What is your Dating Risk Tolerance?
What is your value?
A few years back, I met this great guy online. One of those ideal guys...you know the ones? They look really good on paper and then actually live up to your expectation, when you meet them in person!
Oh, he checked off ALL the boxes:
Tall (he was 6’4”…well, I imagine he still is)
…and on and on it goes, right?!?! (Yes, I have a list! Come on now, we all do, in one form or another.)
Well, everything seemed to be going swimmingly (we met on POF, after all)…and then, after only 4 days, he professed his love for me! Yes, I said 4 days, not dates. Not that 4 dates would have been much better.
HIM: “I’m in love with you!”
ME: “No, you’re not.”
Him: “Yes, I am.”
ME: “You hardly know me.”
HIM: “I feel like I’ve known you all my life.”
ME: “That doesn’t mean you’re in love with me, Hun.”
HIM: “I’ve never been able to talk to anyone like I can talk to you.”
ME: “Ok, I believe that, but that still doesn’t mean you’re in love with me.”
HIM: “I’ve never felt this way about anyone before, I’m in love with you.”
ME: “…if you say it again, I’m going to have to stop seeing you.”
Suffice it to say, I’ve never backed out of a room so quickly in my life!
I wish I could tell you the drama ended there, but alas it did not.
After a couple weeks of endless texts, begging me to reconsider my position, with little to no response from me, a few days passed and I hadn’t heard from him. I was thinking he had finally moved on, but no…he found me again online and told me that his roommate had confiscated his phone and deleted my number, so he’d stop texting me! He actually asked for my number again. Hmmm, yeah, not so much!
I tell you this story, to demonstrate the habit so many of us have, of getting invested in a potential relationship far too quickly. I am not immune, I’ve done it myself…once! ;)
Now, imagine with me, if you will, you have $1M to invest, would you invest the entire $1M in the shiniest new company on Wall Street, with little to no demonstrated revenue growth or without checking the bottom line? Of course you wouldn’t, because it’s too high of risk. You may invest a minimal amount initially, but surely wait until the company had a proven track record and, in the meantime, watch its performance closely and do the appropriate research, before investing big.
I’m sure we can all agree, it is prudent to begin new financial ventures with some degree of caution, and dating is no different. Just like investing is a complex process of analyzing your personal financial situation and balancing it against your goals and objectives, to determine your risk tolerance, one can approach dating in much the same manner.

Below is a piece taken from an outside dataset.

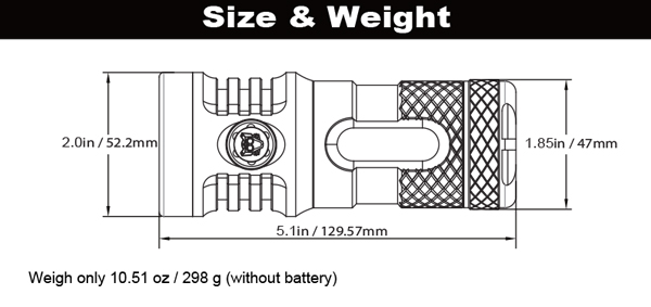 Model No.: MK37 Dimension: 5.06" / 128.57 mm length 2.06" / 52.2 mm head diameter 1.85" / 47 mm body diameter LED Emitter:

What is your risk tolerance when it’s your heart you’re investing? Is your heart worth $1M? What is your risk capital? How much of your heart are you willing to invest initially, to avoid total devastation, if you experience a loss? What are your investment objectives? Do you have clarity regarding the person or relationship you are seeking?
The next time you meet that seemingly ideal person online, or go on a first date, or even a second or third, simply relax and enjoy the process, stay open to the possibilities, but don’t invest your heart so quickly or deeply! Remember, in the event things turn out less than ideal, it’s easier to recover from minimal investment. As a matter of fact, consider diversifying your dating portfolio. Spreading your risk around decreases your overall exposure to any single investment. With appropriate diversification, the probability of total loss is greatly reduced. This comes back to the preservation of capital.
Perhaps you’re already invested, but you’re seeing red flags. For example; you’re feeling disrespected. Well, my lovelies, if you feel disrespected, you’re likely being disrespected. I know it’s not easy to walk away from a situation you’ve invested your heart in, but when you stay, you’re telling yourself that the situation, or the other person in the situation, is more valuable than you are. And we both know that’s not the case, don’t we?
When you lay your head on your pillow tonight, I want you to ask yourself this question:
“What is my value?”
And then I want you to answer yourself:
“Self, you are precious, you are significant, you are like no other and you are loved!”
If you don’t believe yourself, then I want you to repeat this question and answer period, every night, until you do!